_To do_. Set down, word for word, only the lines from the start of the records through the line bearing "还有一个比较有趣的地方,阿寒"; include no pictures.

Saved data entries
***

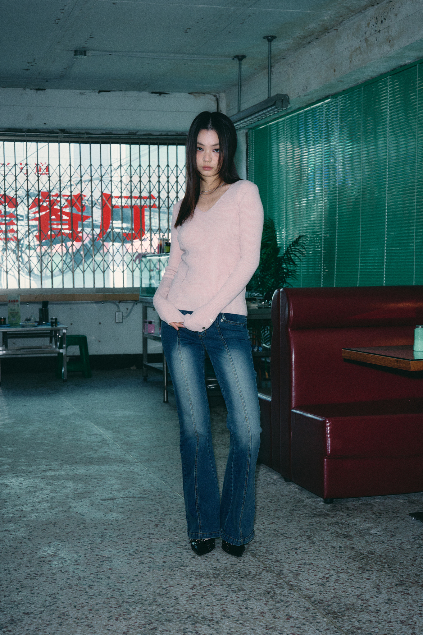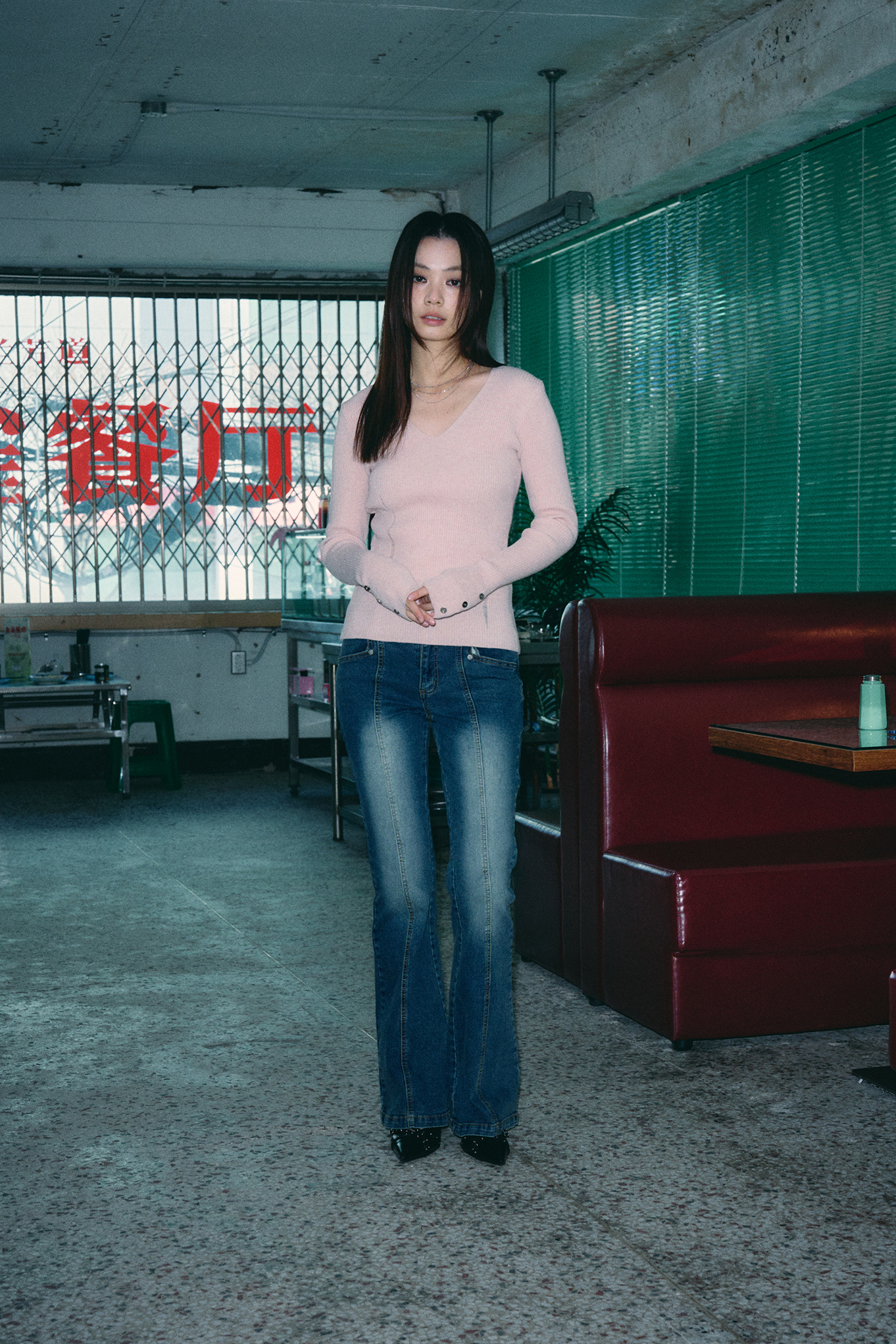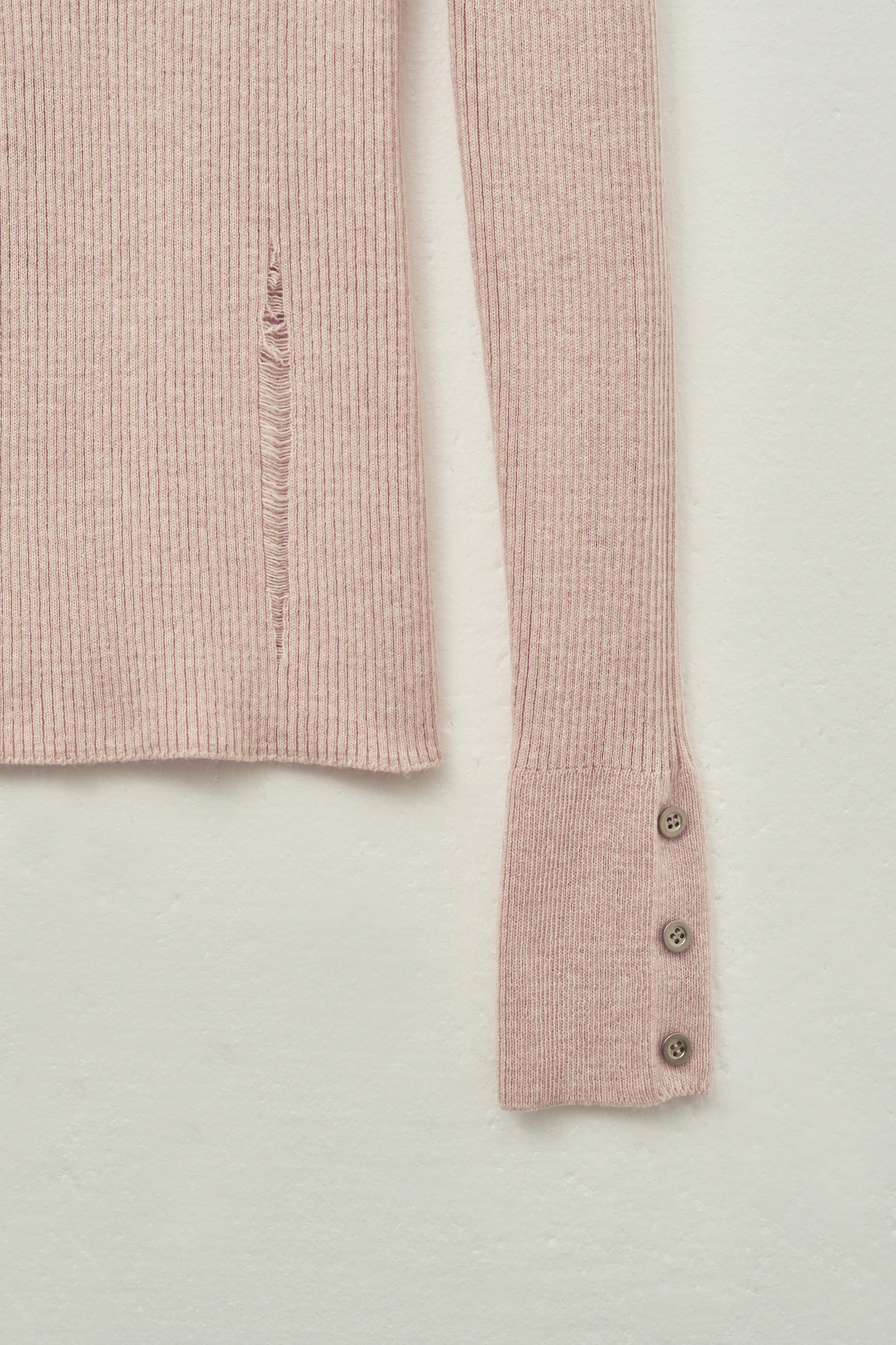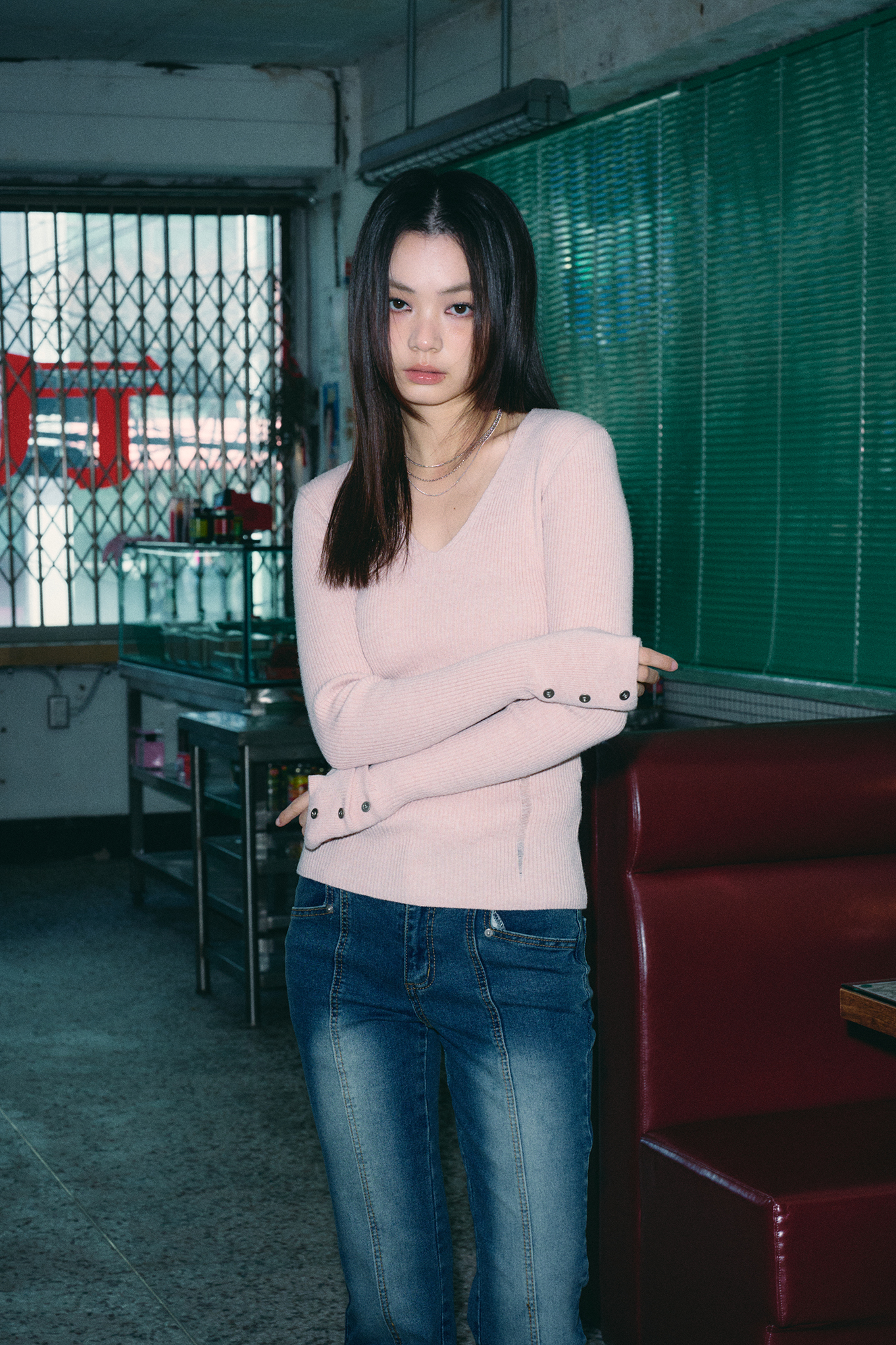 데미지드 브이넥 리브드 니트 [스킨 핑크]
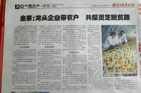 自康美來公司主辦的“2016大別山靈芝文化節”開展以來,以康美來為龍頭的帶動老區農民精準脫貧產業模式引起各級政府及主流媒體高度關注。金寨縣委縣政府最近決定,在全縣范圍推廣康美來吳家店靈芝基地與光伏發電土地融合的新模式。繼新華社主辦的新華網報道后,安徽省委機關報《安徽日報》7月29日在農村版報紙重點報道,以及走遍中國網、安徽財經網、安徽工人日報官網<皖工網>等國內各大新聞媒體爭相報道康美來,有力推動了以康美來為代表的金寨靈芝的對外宣傳和品牌打造。
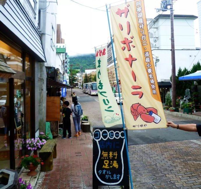 还有一个比较有趣的地方,阿寒湖是一个温泉地区,有一个小店主人以前是做甜品的,他回到阿寒湖之后就开了一间小店。这间小店一方面可以泡脚--因为有温泉嘛,另外你可以享受他做的小龙虾奶油面。
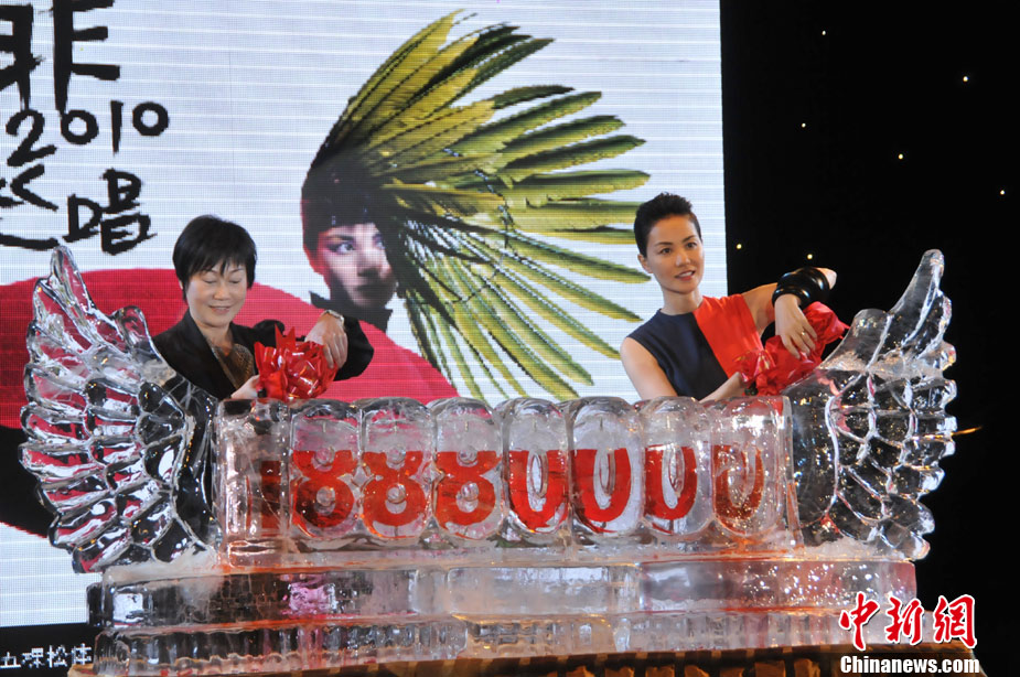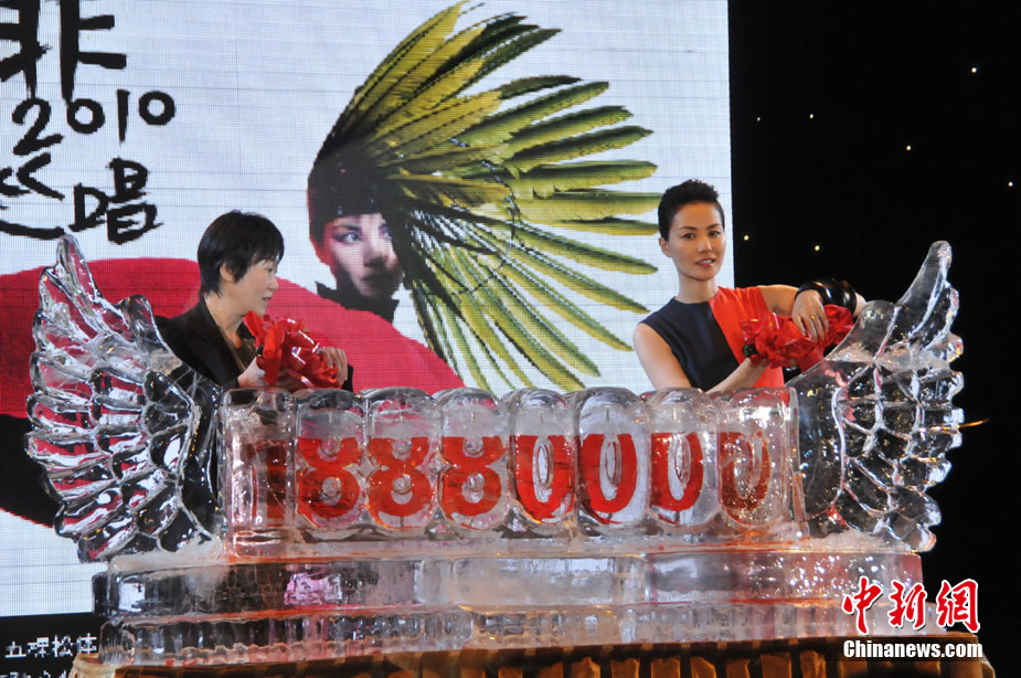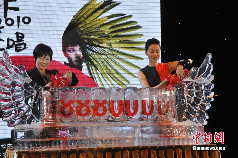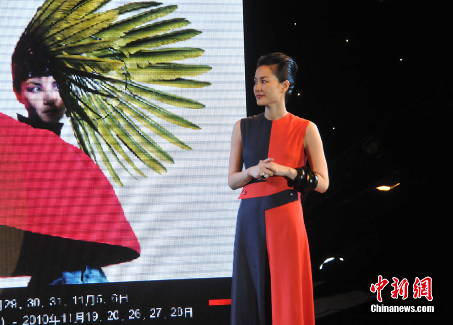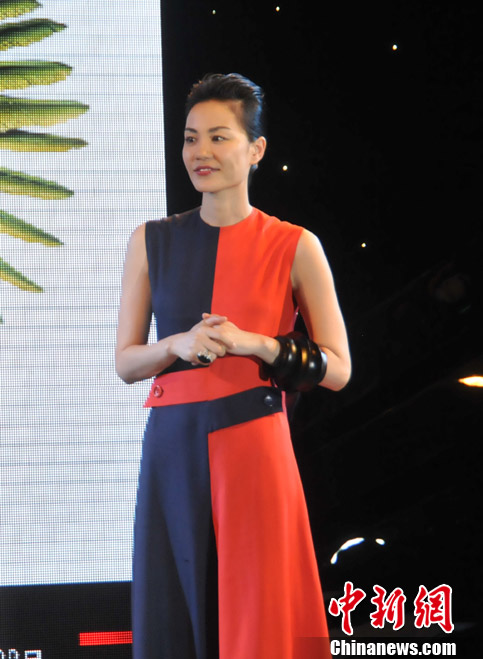 7月19日,王菲演唱会举行发布会。淡出歌坛五年的天后王菲身穿红黑色“八卦裙”现身,尽显高贵气质。中新网记者 田博川 摄
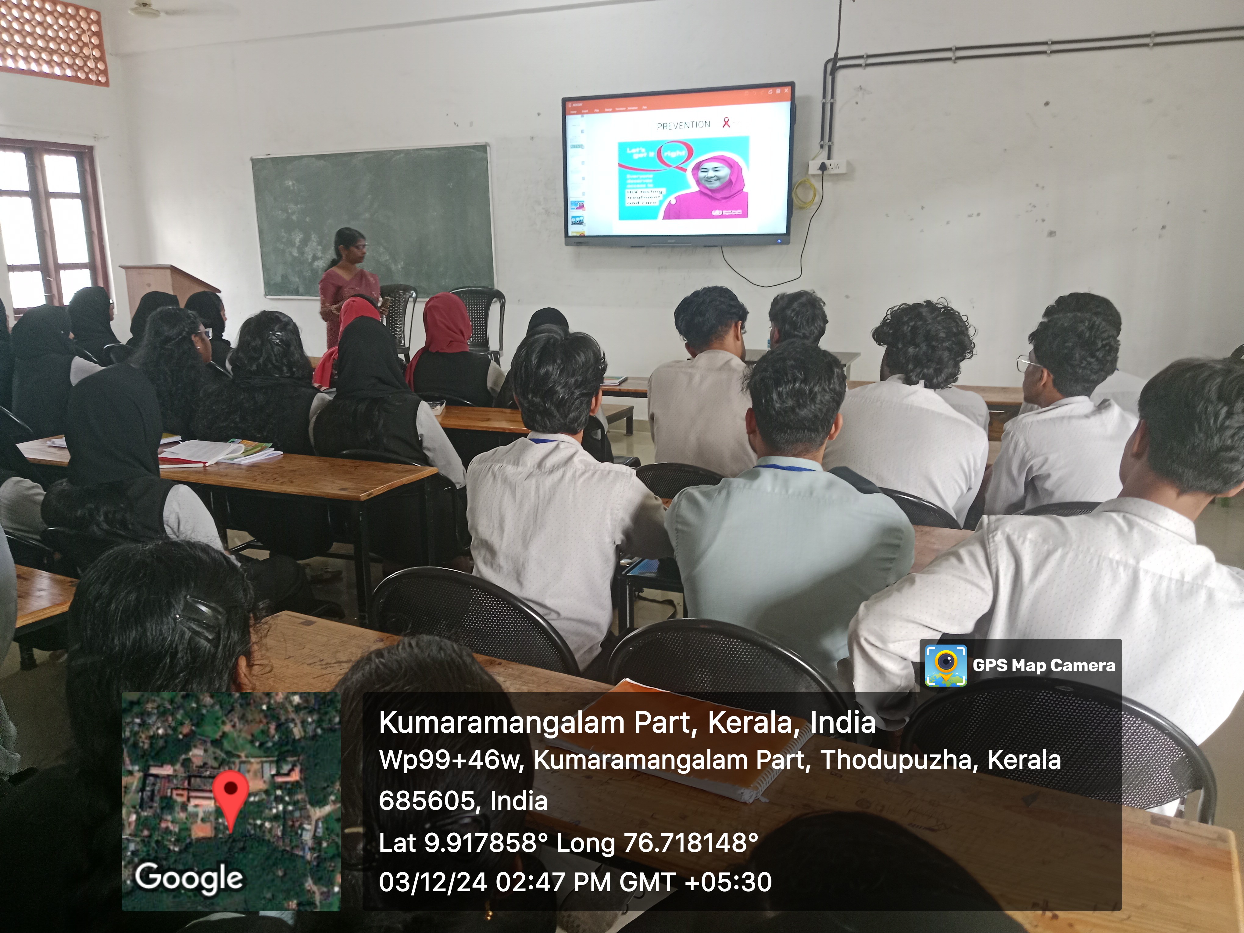 World AIDS Day was observed at Al Azhar College of Pharmacy on December 3, 2024, with the theme "Take the Right Path, My Health My Right." The event featured Ms. Praveena Prakash M, Principal of Al Azhar College of Nursing, as the speaker. She addressed the importance of HIV/AIDS awareness, emphasizing the right to health and the significance of making informed choices for personal well-being.
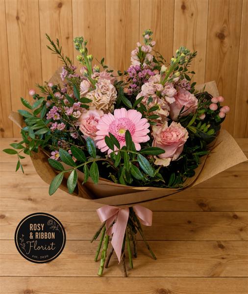 Disclaimer - All our bouquets are Handtied by our skilled florists, avoiding the use of unwanted plastics, with 'Kraft' brown paper and a Ribbon to compliment or if you'd like to add a 'Kraft' aqua box to present your flowers ready for display please select this before checkout.
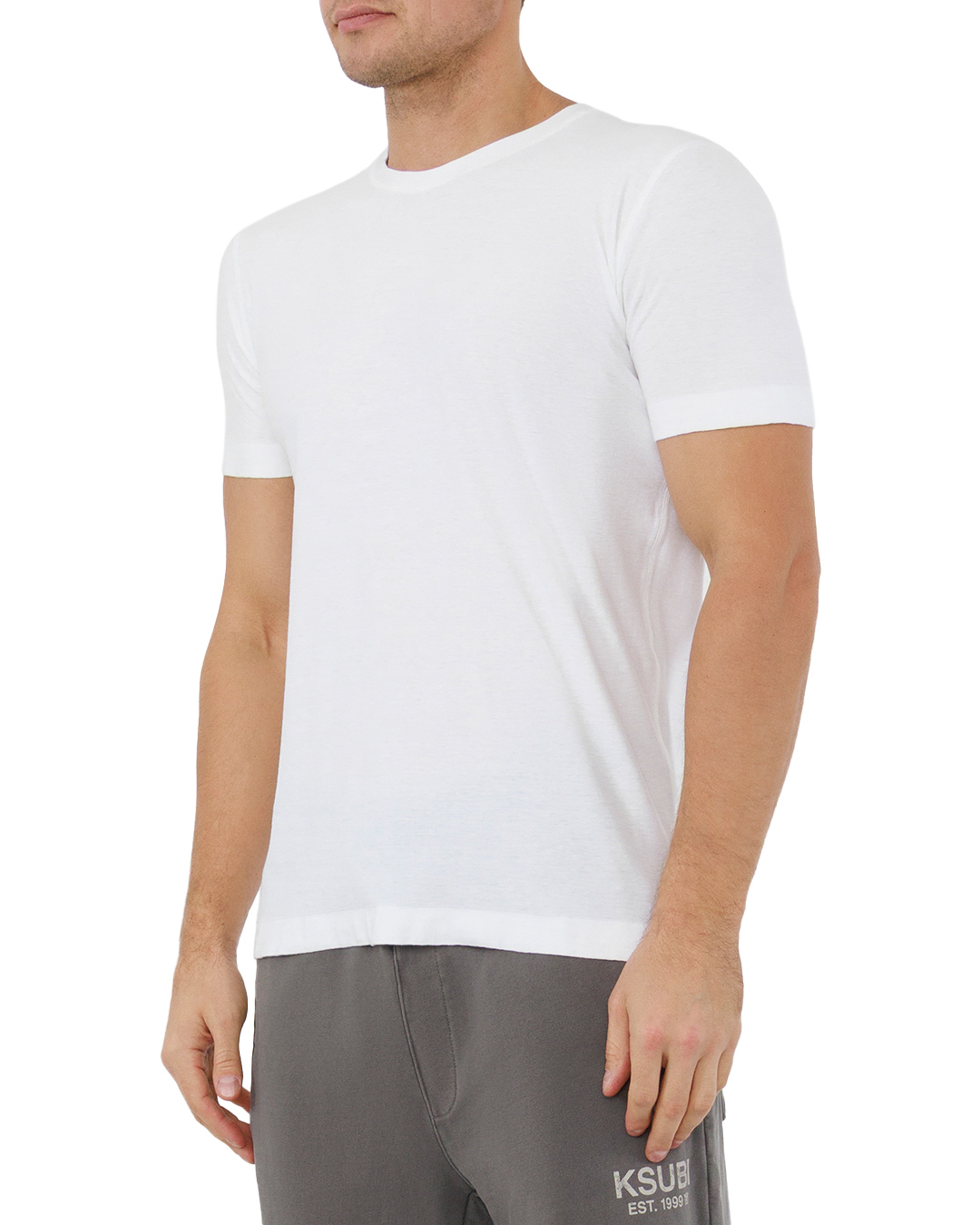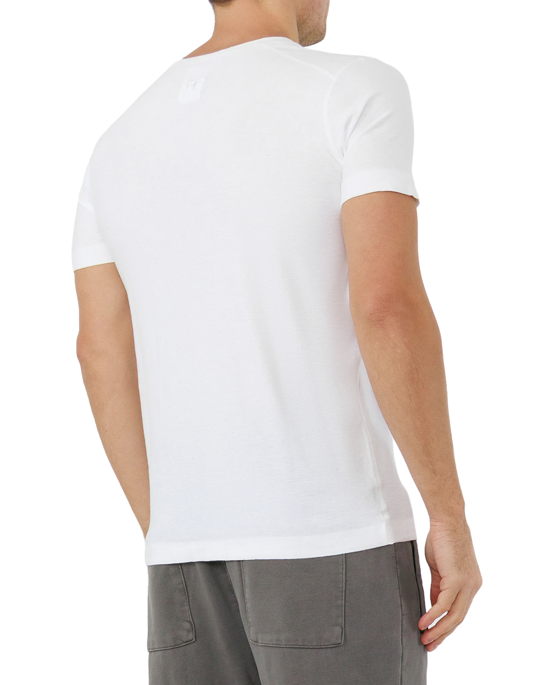 Эта футболка — идеальное воплощение минималистичной элегантности и универсального стиля. Сшитая из высококачественного, мягкого хлопка, она предлагает максимальный комфорт и воздухопроницаемость, что делает её незаменимой основой гардероба. Чистый белый цвет подчеркивает свежесть и чистоту линий, акцентируя внимание на изысканной простоте. Классический крой обеспечивает идеальную посадку, гармонично обрамляя фигуру. Округлый вырез горловины аккуратно обработан эластичной тесьмой, предотвращая растягивание и добавляя элемент завершенности. Отсутствие лишних деталей и декора делает эту футболку универсальным элементом, который будет легко сочетать с различными стилями и образами, от кэжуал до более формальных. Это незаменимый элемент одежды, который подчеркнет вашу приверженность к качеству и эстетике в каждом модном выборе.
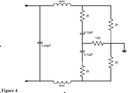 查看Figure 1中的等效電路,可以看到諧振頻率(1/(2*PI*sqrt(LC))給出)點的探頭輸入阻抗是0歐姆——完全消除了被測信號!最近一些制造商開始注意這個問題并設計具有更好輸入特性的探頭。Figure 3展示了這種探頭(Probe A)的等效電路。這是許多給出這個探頭精確依賴于尖端和地夾的等效負載模型之一。這個探頭還有一個諧振點大概是2GHz,該頻點的阻抗被電阻限制到大約165歐姆。

***

_Result for this task_.
 데미지드 브이넥 리브드 니트 [스킨 핑크]
 自康美來公司主辦的“2016大別山靈芝文化節”開展以來,以康美來為龍頭的帶動老區農民精準脫貧產業模式引起各級政府及主流媒體高度關注。金寨縣委縣政府最近決定,在全縣范圍推廣康美來吳家店靈芝基地與光伏發電土地融合的新模式。繼新華社主辦的新華網報道后,安徽省委機關報《安徽日報》7月29日在農村版報紙重點報道,以及走遍中國網、安徽財經網、安徽工人日報官網<皖工網>等國內各大新聞媒體爭相報道康美來,有力推動了以康美來為代表的金寨靈芝的對外宣傳和品牌打造。
 还有一个比较有趣的地方,阿寒湖是一个温泉地区,有一个小店主人以前是做甜品的,他回到阿寒湖之后就开了一间小店。这间小店一方面可以泡脚--因为有温泉嘛,另外你可以享受他做的小龙虾奶油面。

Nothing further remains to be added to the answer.